Но две эти крайности, как это ни парадоксально, похожи и содержательно, и эстетически. Оба ужасают мир жестокостью и марширующими головорезами в черном, имеют в распоряжении государственные институты и массовую поддержку за пределами своих контролируемых территорий. Оба стали лидерами во время кровавых гражданских войн. Оба смогли поставить под свой контроль довольно крупные финансовые потоки.
Тюрьмы, в которых служба безопасности ИГ держит, пытает и казнит несогласных на территории самопровозглашенного халифата, русскоязычные джихадисты в шутку прозвали «шестым отделом» по аналогии с подразделением МВД, которое занимается противодействием экстремизму и терроризму и имеет дурную славу из-за похищений людей и применения пыток по отношению к задержанным.
Только аль-Багдади, которому 46 лет, уже теряет халифат, а 40-летний Рамзан Кадыров, возможно, получает второе дыхание как политик и религиозный лидер. Массовый митинг 4 сентября в Грозном в поддержку мусульман Мьянмы, на который приехали представители разных толков ислама из других регионов, – это просто публичный отчет Рамзана Кадырова о проделанной за последние два-три года работе по консолидации мусульман вокруг себя.
Зачистка альтернативы
Поляризация активной части исламской общины всегда была результатом российской внутренней политики – осознанной или нет, судить не берусь. Криминализация исламских диссидентов началась в Дагестане принятием закона о запрете ваххабизма в 1998 г. Затем, в начале 2000-х, несколько образовательных проектов и попыток амнистии отказывающихся от насилия салафитов закончились арестами и вытеснением в подполье их участников и репрессиями против кураторов.

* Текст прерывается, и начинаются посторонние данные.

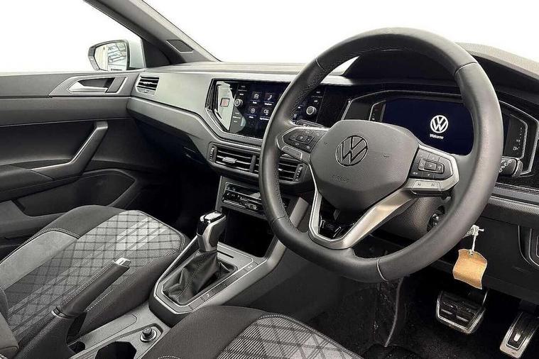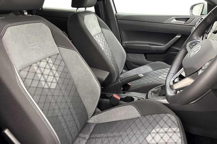 Adaptive cruise control with follow-to-stop and speed limiter, Advanced driver attention and drowsiness monitor, Bluetooth mobile phone interface, Digital Cockpit Pro with 10.25" Display, Dynamic road sign display, Emergency call service, Multifunction camera, Power assisted speed sensitive steering, Preparation for We connect and We connect plus, Speedo and rev counter, electronic odometer, trip, service interval display and fuel gauge, Standard rear axle, Travel Assist - Lane keeping system and traffic jam assist, Travel assist including emergency assist, Trip computer, Warning signal and warning light for front and rear seatbelts not fastened, Washer fluid level indicator, Wireless app connect, Front wheel drive, Rear shock absorpion, Start-stop system with battery regeneration (recuperation - energy recovery during braking), DAB Digital radio, Diversity antenna for FM reception, Front and rear 6 speakers, Body colour bumpers, Body colour door handles, Electric front windows, Front scuff plates with R-Line logo, Heat insulating glass windscreen, Power folding adjustable/heated exterior mirrors and front passenger exterior mirror lowering function, Rear electric windows, Rear fog light, Rear side wing doors, Rear windscreen washer and wiper with interval delay, Third brake light, 12V power socket in centre console, 2 USB-C ports in the front, 2 USB-C charging sockets on the center console in the rear, 3 rear head restraints, 60/40 split folding rear seat and rear seat bench not split, Air care climatronic air conditoning system with active combination filter and 2-zone temperature control, Black roof lining, Carpet mats, front and rear, Chrome plated radiator grille inserts, air vent surrounds and light switch surrounds, Door and side trim panel, Driver and front passenger seat height adjustment, Driver/passenger sunvisors with illuminated vanity mirrors, Front centre armrest, Front footwell illumination, Front seat backrest storage pockets, Front sports comfort seats, Handbrake lever handle in leather, Headliner in recycled material, Isofix child seat preparation easy-fit (for two outer rear seats, and front passenger seat) compatible with I-size, Karoso artvelours cloth upholstery, Leather trimmed gear knob, LED interior light with switch off delay and dimmer, 2 reading lights front and rear, Luggage compartment cover, Luggage compartment floor, Luggage compartment lighting, Lumbar adjustment for front seats, Single front passenger seat, Stainless steel pedals, Standard pedal cluster, Three spoke leather wrapped multifunction steering wheel with shifting paddles, Light and sight pack - Polo R-Line/Black Edition, 3 point height adj front seatbelts + pretensioners, 3x3 point rear seatbelts, ABS, Driver and front passenger airbag with front passenger airbag deactivation, Drivers and front passengers safety optimised head restraints, ESC (Electronic stability control) + EDL (Electronic Differntial lock) and ASR (Traction control), Extended and predictive pedestrian/ cyclist protection, Front curtain and side airbags with center airbag, Front/rear disc brakes, Hill hold control, Manual child lock in rear doors, Single tone horn, Tyre pressure loss indicator, Alarm with interior protection, Anti-theft alarm system with interior monitoring, backup horn, and towing protection, Anti-theft wheel bolts, Electronic engine immobiliser, Chrome applications on rotary light, mirror adjustment, window regulator switches, outlet with frame in black, Dark grey anodised matt decorative inserts in dash and front door panels, 16" Coventry alloy wheels, Low rolling resistance tyres,

Исламские движения вроде партии «Хизб-ут-Тахрир», «Таблиги-джамаата» и «Такфир-вааль-Хиджра», отрицающие вооруженный джихад, были запрещены в России законом. В середине 2000-х попытки исламских активистов и интеллектуалов договориться с администрацией президента о создании молодежного исламского движения вроде прокремлевского движения «Наши» не нашли понимания у кремлевских политтехнологов, а объявлением «Имарата Кавказ» (запрещен в России) Доку Умаровым и переходом части наиболее радикальных активистов под его знамена были окончательно дискредитированы.
Столь же жестко были пресечены инициативы русских «конвертов» (перешедших в ислам из православия) вроде Национальной организации русских мусульман (НОРМ), а их лидеры и участники были вынуждены эмигрировать за пределы России.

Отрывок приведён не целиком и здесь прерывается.